**WHAT YOU HAVE TO DO**: Leave out the pictures. Return every record otherwise untouched.

───── WORKING DATA ─────

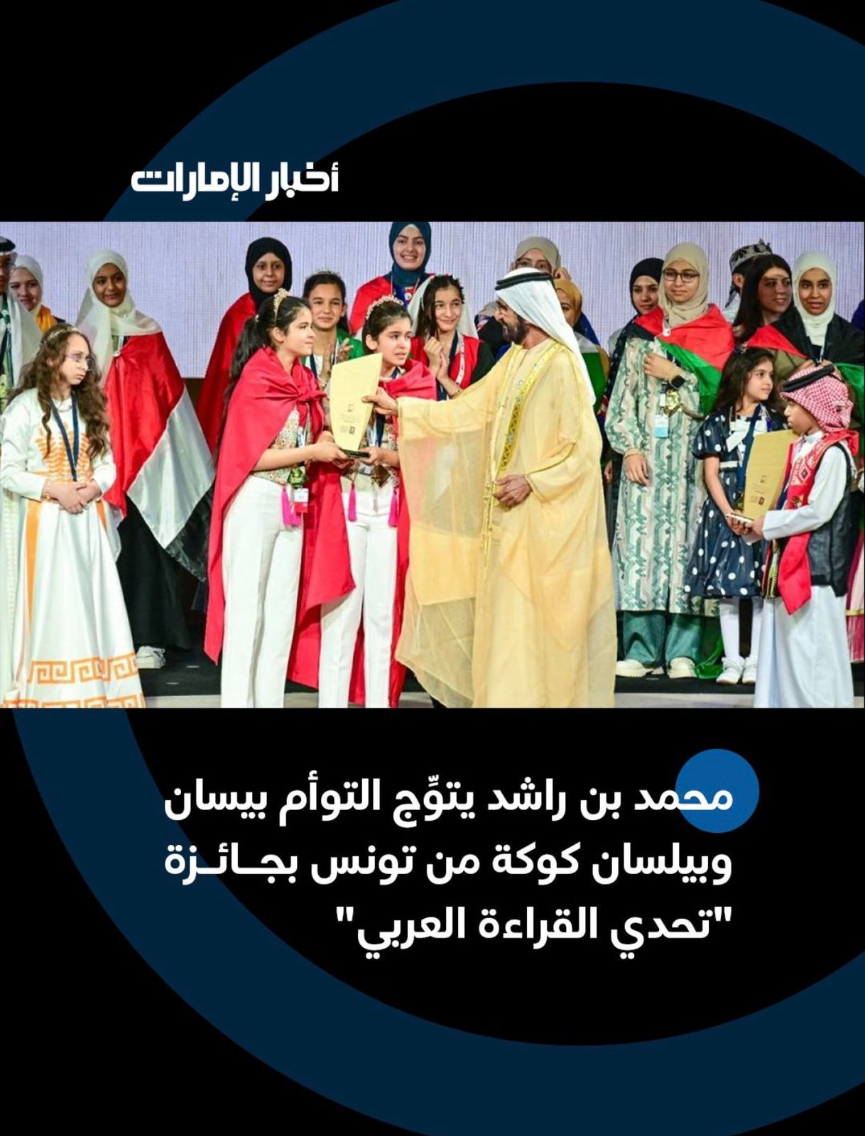 فاز التوأم التونسي بيسان وبيلسان بجائزة تحدي القراءة العربي، في دورته التاسعة خلال الحفل الختامي الذي أقيم اليوم الخميس في مركز دبي التجاري العالمي.
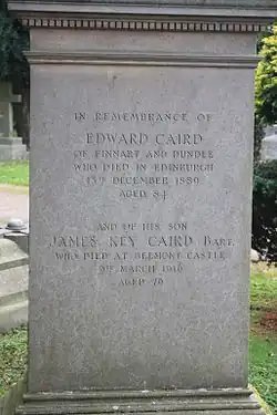 Caird died at his Perthshire estate, Belmont Castle near Meigle, which he had purchased after the death of its previous owner Sir Henry Campbell-Bannerman.[4] The baronetcy became extinct upon his death. He is buried with his father in Dean Cemetery in Edinburgh just west of the central roundel, under a modest stone..
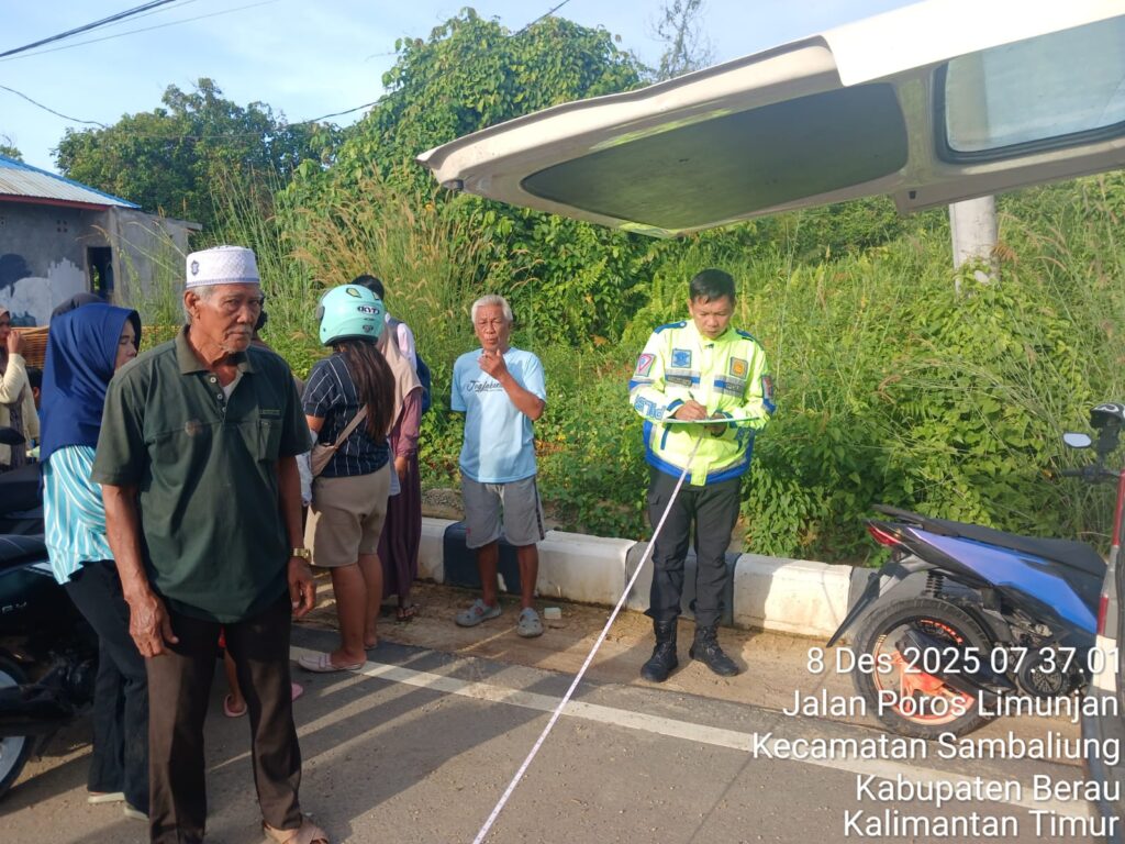 NUSANTARAKALTIM, TANJUNGREDEB – Kecelakaan lalu lintas terjadi di Jalan Poros Limunjan, Kecamatan Sambaliung, pada Senin. (8/12). Akibat kejadian tersebut, sang pengendara motor meninggal dunia, sementara anaknya masih menjalani perawatan intensif di rumah sakit.
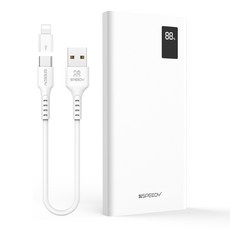 스피디 슬림 듀얼 보조배터리 20000mAh 듀얼포트 + C타입 케이블 + 8핀 젠더 세트, 화이트, SPE-B22PCPPB200A
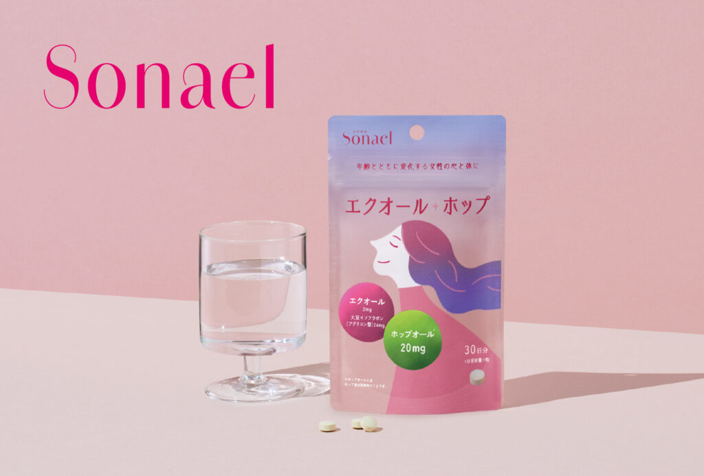 Sonaelは、年齢を重ね、心と体に変化を感じはじめた方に向けて、美容と健康をサポートするスマートフェムケアブランドです。エクオール+ホップは、エクオールと大豆イソフラボンに加え、ホップ由来の「ホップオール*3」を配合し、トゲトゲ・どんより・モヤモヤなどの気分のゆらぎをサポートします。
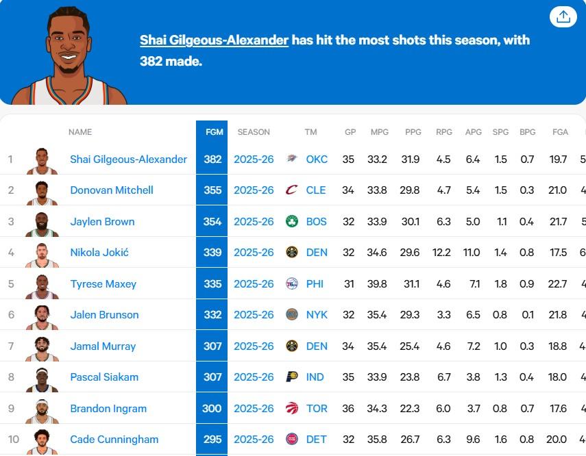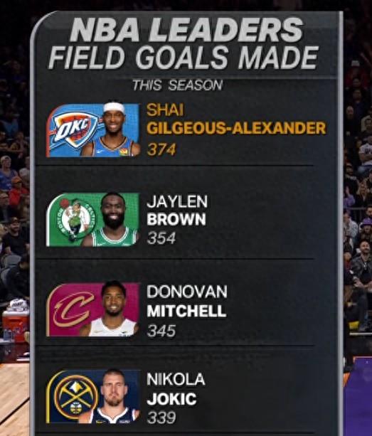 比賽期間,轉播方曬出了一組數據,在本賽季的運動戰投籃命中數方面,雷霆隊當家球星亞歷山大高居榜首。
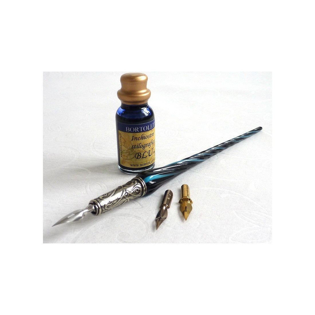 En venetiansk vriden glaspenna. Vackert utformad, hand klar kalligrafi penna som för dem som älskar stil och elegans i Venedig. Innefattar en vriden glas axel med en nickel-silver penna, tre spetsar och en flaska bläck. Finns i olika färger. Tillverkad i Italien av Bortoletti Fonderia Artistica.

─────

**SOLUTION**:
 فاز التوأم التونسي بيسان وبيلسان بجائزة تحدي القراءة العربي، في دورته التاسعة خلال الحفل الختامي الذي أقيم اليوم الخميس في مركز دبي التجاري العالمي.
 Caird died at his Perthshire estate, Belmont Castle near Meigle, which he had purchased after the death of its previous owner Sir Henry Campbell-Bannerman.[4] The baronetcy became extinct upon his death. He is buried with his father in Dean Cemetery in Edinburgh just west of the central roundel, under a modest stone..
 NUSANTARAKALTIM, TANJUNGREDEB – Kecelakaan lalu lintas terjadi di Jalan Poros Limunjan, Kecamatan Sambaliung, pada Senin. (8/12). Akibat kejadian tersebut, sang pengendara motor meninggal dunia, sementara anaknya masih menjalani perawatan intensif di rumah sakit.
 스피디 슬림 듀얼 보조배터리 20000mAh 듀얼포트 + C타입 케이블 + 8핀 젠더 세트, 화이트, SPE-B22PCPPB200A
 Sonaelは、年齢を重ね、心と体に変化を感じはじめた方に向けて、美容と健康をサポートするスマートフェムケアブランドです。エクオール+ホップは、エクオールと大豆イソフラボンに加え、ホップ由来の「ホップオール*3」を配合し、トゲトゲ・どんより・モヤモヤなどの気分のゆらぎをサポートします。
 比賽期間,轉播方曬出了一組數據,在本賽季的運動戰投籃命中數方面,雷霆隊當家球星亞歷山大高居榜首。
 En venetiansk vriden glaspenna. Vackert utformad, hand klar kalligrafi penna som för dem som älskar stil och elegans i Venedig. Innefattar en vriden glas axel med en nickel-silver penna, tre spetsar och en flaska bläck. Finns i olika färger. Tillverkad i Italien av Bortoletti Fonderia Artistica.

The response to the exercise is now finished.